→ Required action: Exercise in exact copying: restate word for word only the lines below from the one containing "домашна бриош питка" through the one containing "重さ比べ、秤の読み方を学習しました。", omitting any pictures.

→ Exercise input:
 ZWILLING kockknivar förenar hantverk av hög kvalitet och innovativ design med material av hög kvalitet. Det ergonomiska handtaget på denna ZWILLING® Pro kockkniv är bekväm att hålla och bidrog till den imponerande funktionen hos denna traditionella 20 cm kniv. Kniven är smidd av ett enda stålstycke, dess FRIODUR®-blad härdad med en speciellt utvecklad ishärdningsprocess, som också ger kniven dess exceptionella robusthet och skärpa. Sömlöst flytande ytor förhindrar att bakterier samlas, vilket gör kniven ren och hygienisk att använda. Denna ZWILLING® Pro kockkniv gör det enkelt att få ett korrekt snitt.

---

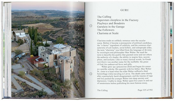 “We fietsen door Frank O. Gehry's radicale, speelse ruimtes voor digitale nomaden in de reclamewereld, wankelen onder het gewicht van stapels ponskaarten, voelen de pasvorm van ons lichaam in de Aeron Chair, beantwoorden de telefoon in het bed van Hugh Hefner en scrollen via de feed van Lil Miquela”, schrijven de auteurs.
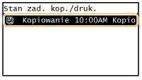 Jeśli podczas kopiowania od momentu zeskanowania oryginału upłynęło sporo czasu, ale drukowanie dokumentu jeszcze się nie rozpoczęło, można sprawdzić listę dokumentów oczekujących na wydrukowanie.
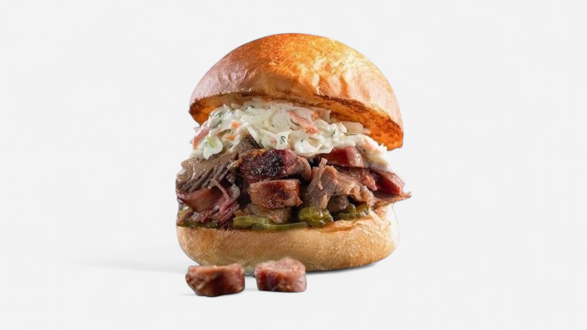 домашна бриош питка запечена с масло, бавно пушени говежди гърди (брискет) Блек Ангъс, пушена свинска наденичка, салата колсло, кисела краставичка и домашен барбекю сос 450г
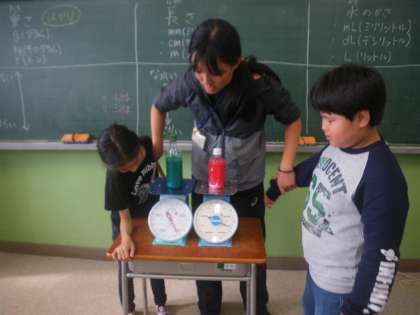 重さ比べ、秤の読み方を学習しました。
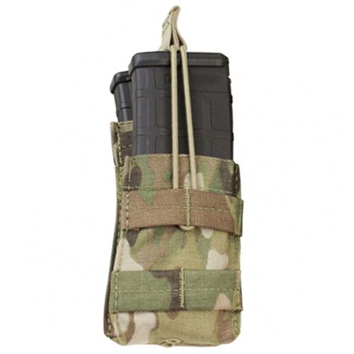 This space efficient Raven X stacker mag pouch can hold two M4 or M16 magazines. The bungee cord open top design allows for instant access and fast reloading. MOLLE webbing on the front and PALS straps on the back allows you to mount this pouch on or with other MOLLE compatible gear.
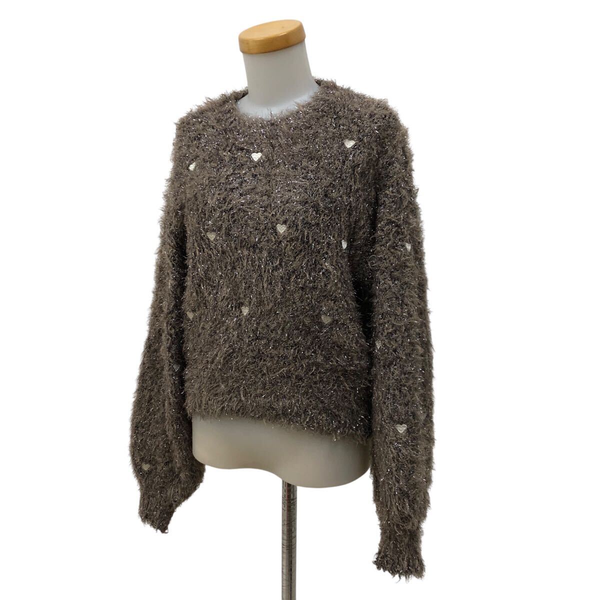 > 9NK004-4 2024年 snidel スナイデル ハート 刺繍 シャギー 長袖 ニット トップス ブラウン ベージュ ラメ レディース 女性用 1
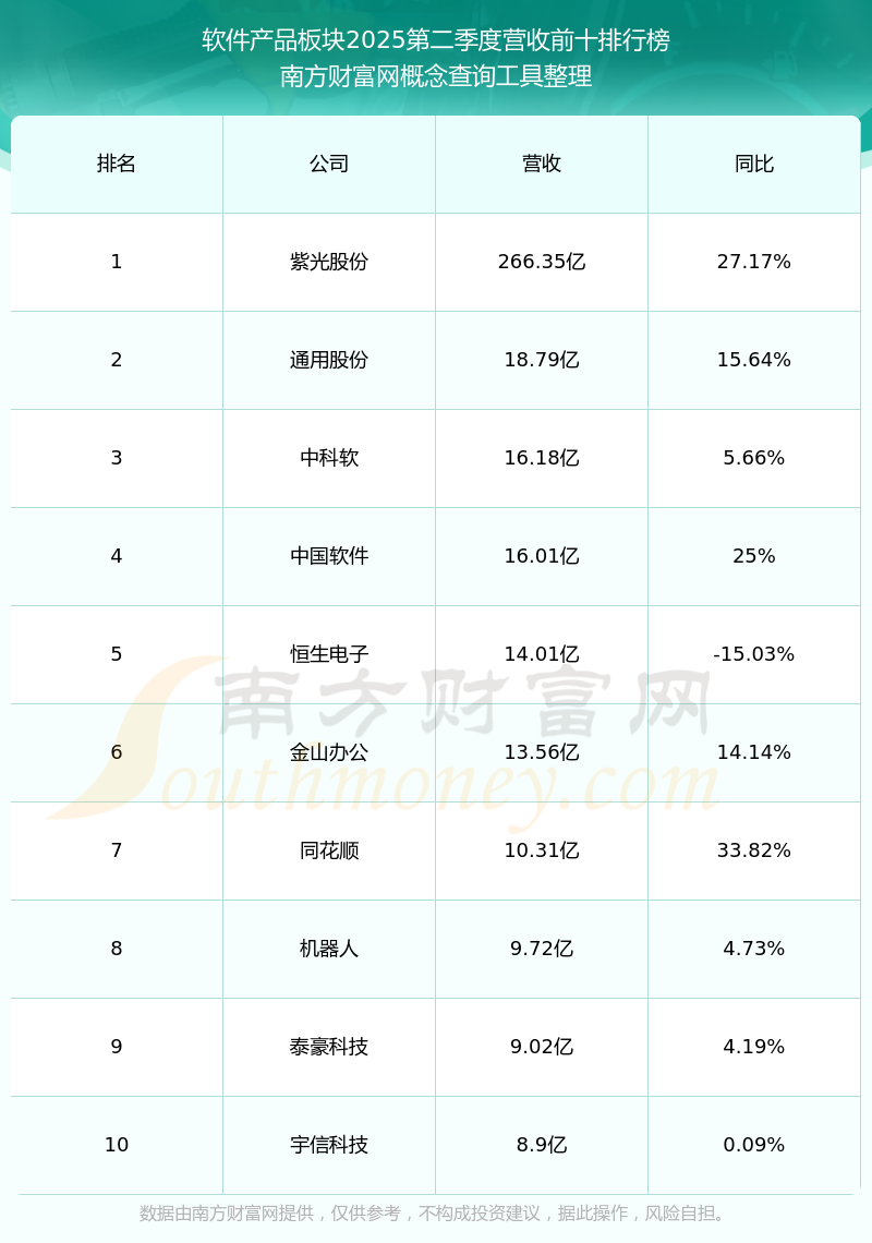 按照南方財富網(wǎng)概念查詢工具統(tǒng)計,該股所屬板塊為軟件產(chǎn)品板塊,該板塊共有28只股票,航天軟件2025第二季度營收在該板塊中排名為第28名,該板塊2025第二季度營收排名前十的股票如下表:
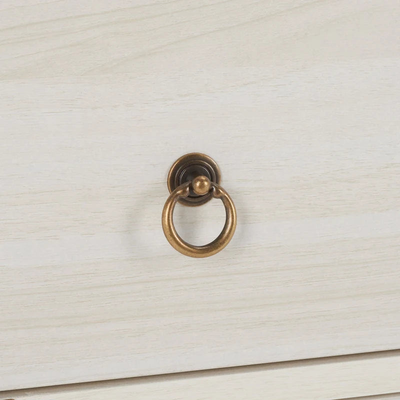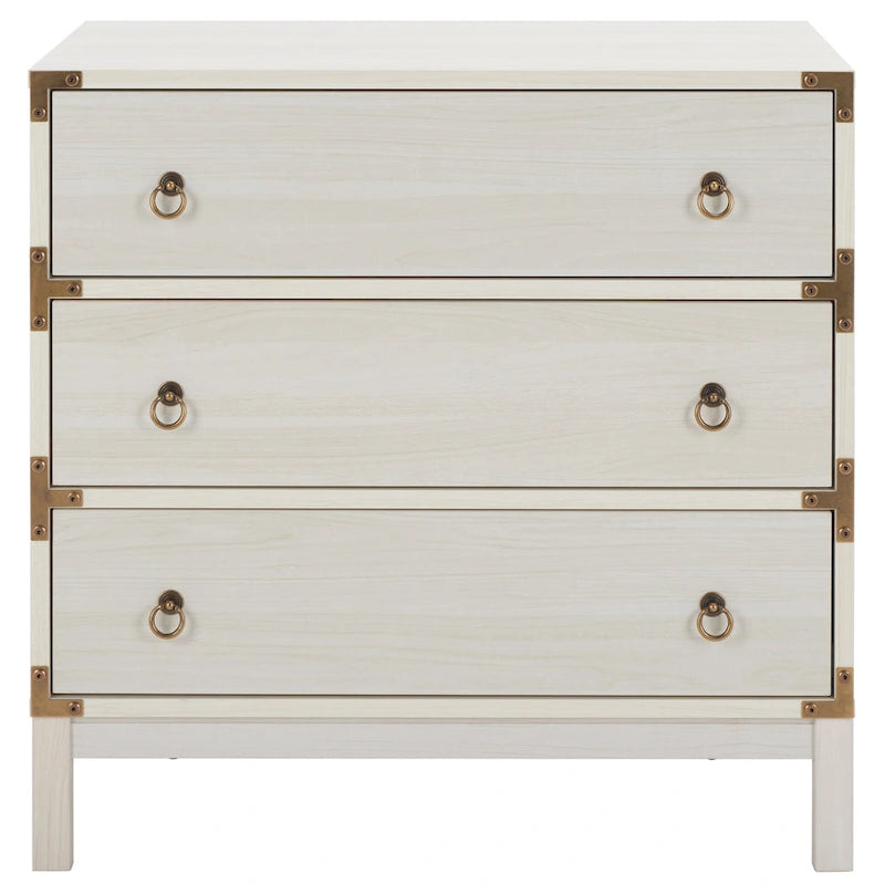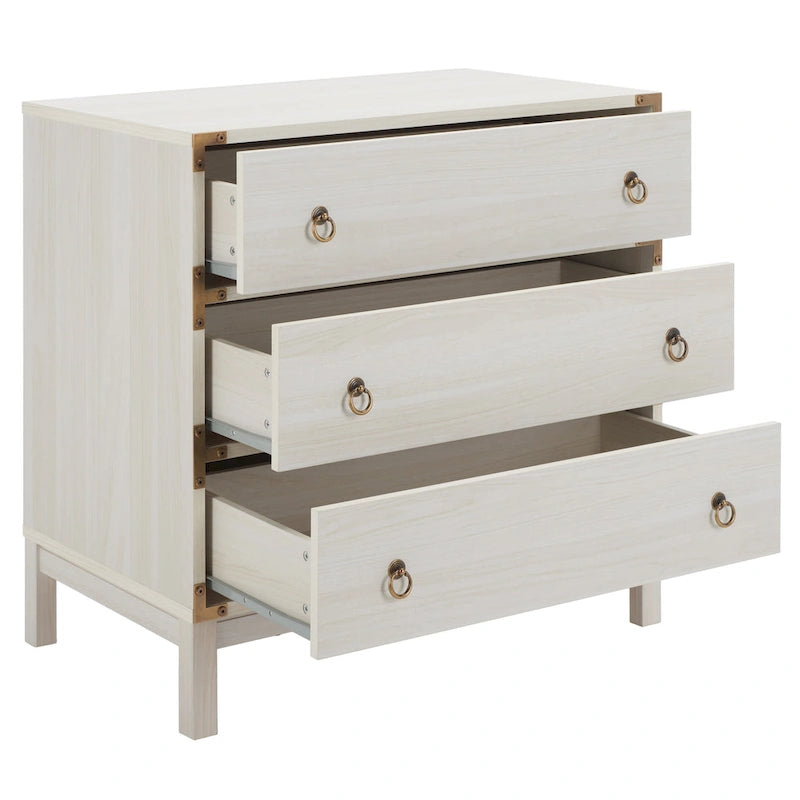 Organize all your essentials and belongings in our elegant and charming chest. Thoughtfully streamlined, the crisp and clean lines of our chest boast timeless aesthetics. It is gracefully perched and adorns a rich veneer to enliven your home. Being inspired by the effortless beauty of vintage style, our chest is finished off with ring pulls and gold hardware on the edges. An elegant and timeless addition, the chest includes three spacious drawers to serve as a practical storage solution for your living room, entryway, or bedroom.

→ Task result:
 домашна бриош питка запечена с масло, бавно пушени говежди гърди (брискет) Блек Ангъс, пушена свинска наденичка, салата колсло, кисела краставичка и домашен барбекю сос 450г
 重さ比べ、秤の読み方を学習しました。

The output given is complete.